Pyspark V3.0如何从dataframe创建mapcolumn,pyspark,pyspark-dataframes,Pyspark,Pyspark Dataframes,我试图理解如何使用create_map作为数据帧列的查找值。我已经参考了StackOverflow中的一些代码,但它们似乎都没有给我正确的输出。 下面是我的代码和错误输出。查看文档时,我使用了相同的语法来创建列,但是使用itertools的map列和使用data frame列的map列似乎有所不同 关于使用数据框中的列创建输出的正确语法有什么建议吗 import pyspark.sql.functions as fn from itertools import chain lookup_dt

我试图理解如何使用create_map作为数据帧列的查找值。我已经参考了StackOverflow中的一些代码,但它们似乎都没有给我正确的输出。 下面是我的代码和错误输出。
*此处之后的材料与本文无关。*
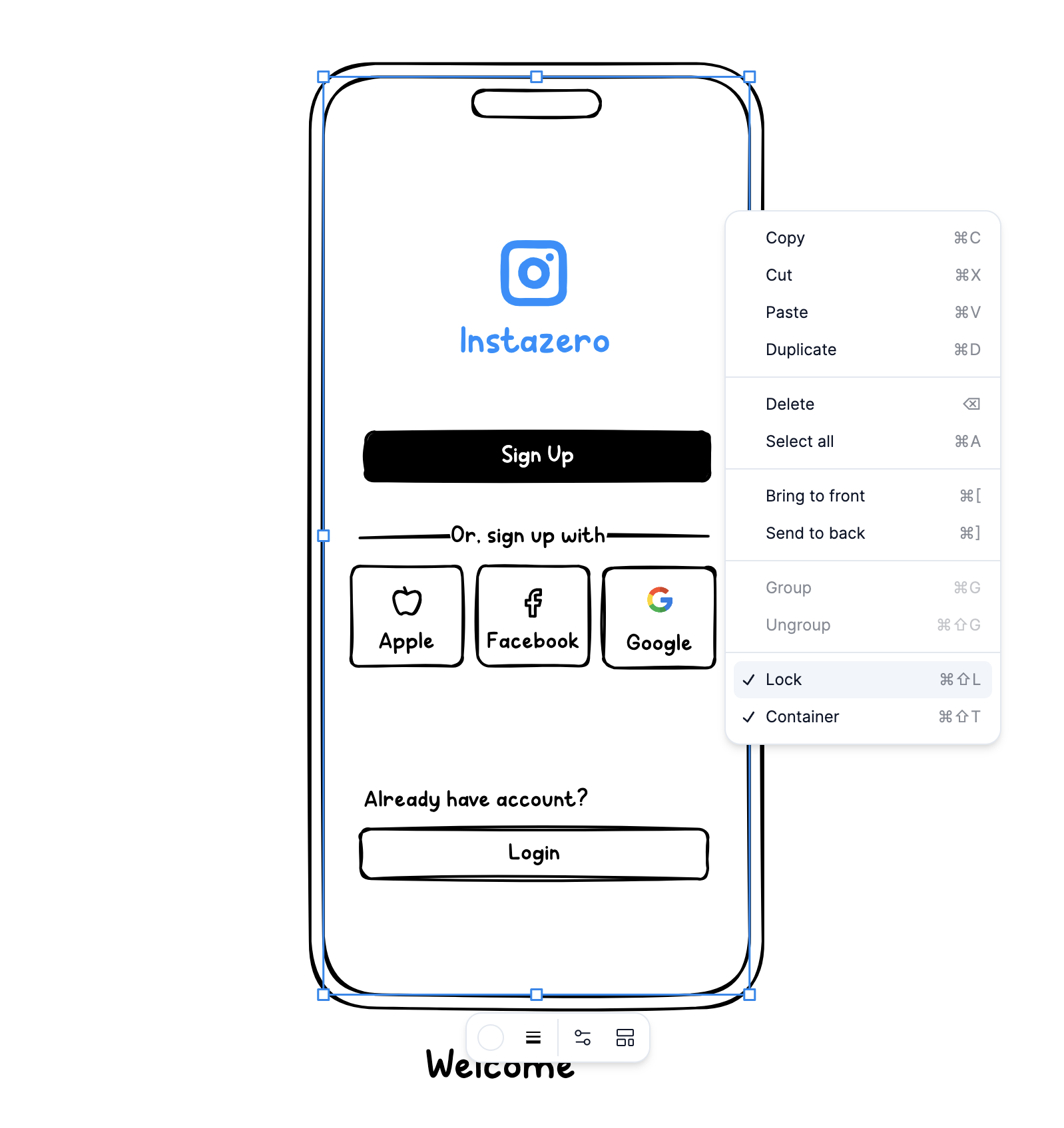 Frame0 now allows you to designate shapes as “containable” or “non-containable,” depending on your needs. When a shape is set as containable, other objects can be nested inside it, making it ideal for grouping related elements. This feature brings flexibility in organizing your wireframes and ensures you can create complex, layered designs with ease. To make shape containable or non-containable, check or uncheck Container in the context menu (mouse right click) or press Command+Shift+T (Ctrl+Shift+T in Windows).
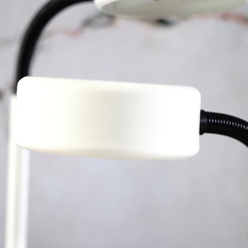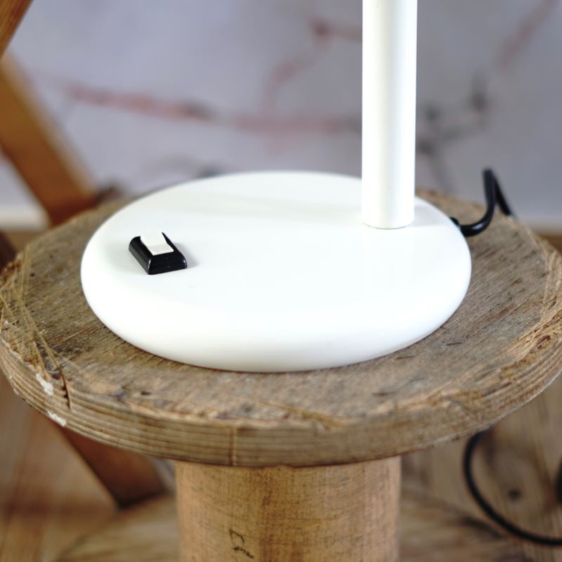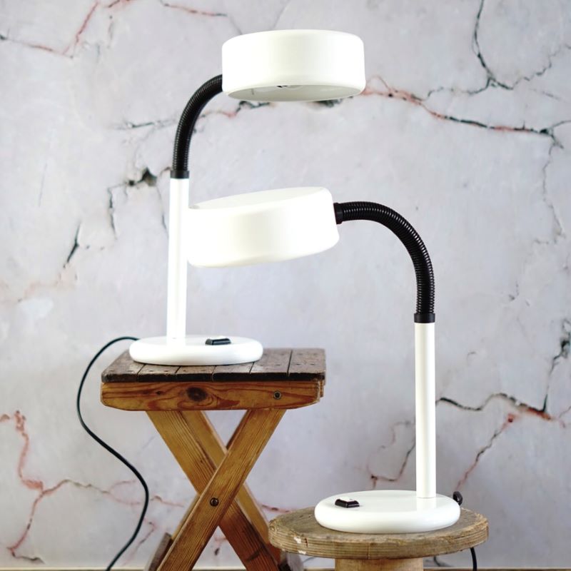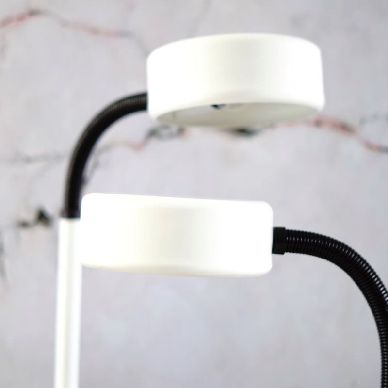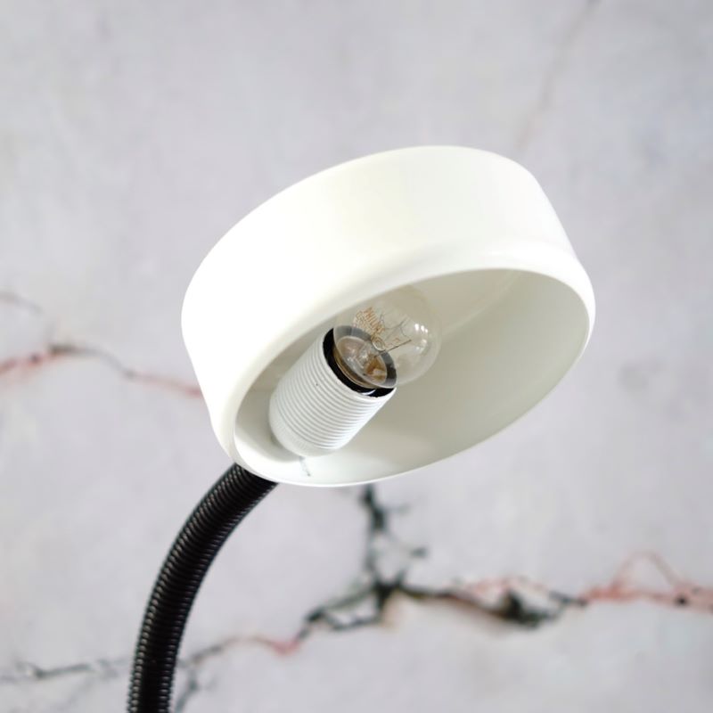 Lampki stołowe na regulowanym ramieniu. Lata 70 – te, w stylu Hala Zeist. Elastyczne ramię umożliwia używanie lampek w różnych pozycjach nachylenia klosza. Wykonane z metalu, ramię pokrywa tworzywo sztuczne. Lampki w idealnym stanie. Czyste, zadbane, sprawne. Pasują do nich żarówki z gwintem e-27.

查看文档时,我使用了相同的语法来创建列,但是使用itertools的map列和使用data frame列的map列似乎有所不同

关于使用数据框中的列创建输出的正确语法有什么建议吗

import pyspark.sql.functions as fn
from itertools import chain

lookup_dt = {1:'Elephant', 2:'Tiger', 3:'Moose', 4: 'Bear'}
cust_schema= StructType([StructField('Id',IntegerType()), StructField('Animal', StringType(),True)])
lookup_df = spark.createDataFrame([(k,v) for k,v in lookup_dt.items()], cust_schema)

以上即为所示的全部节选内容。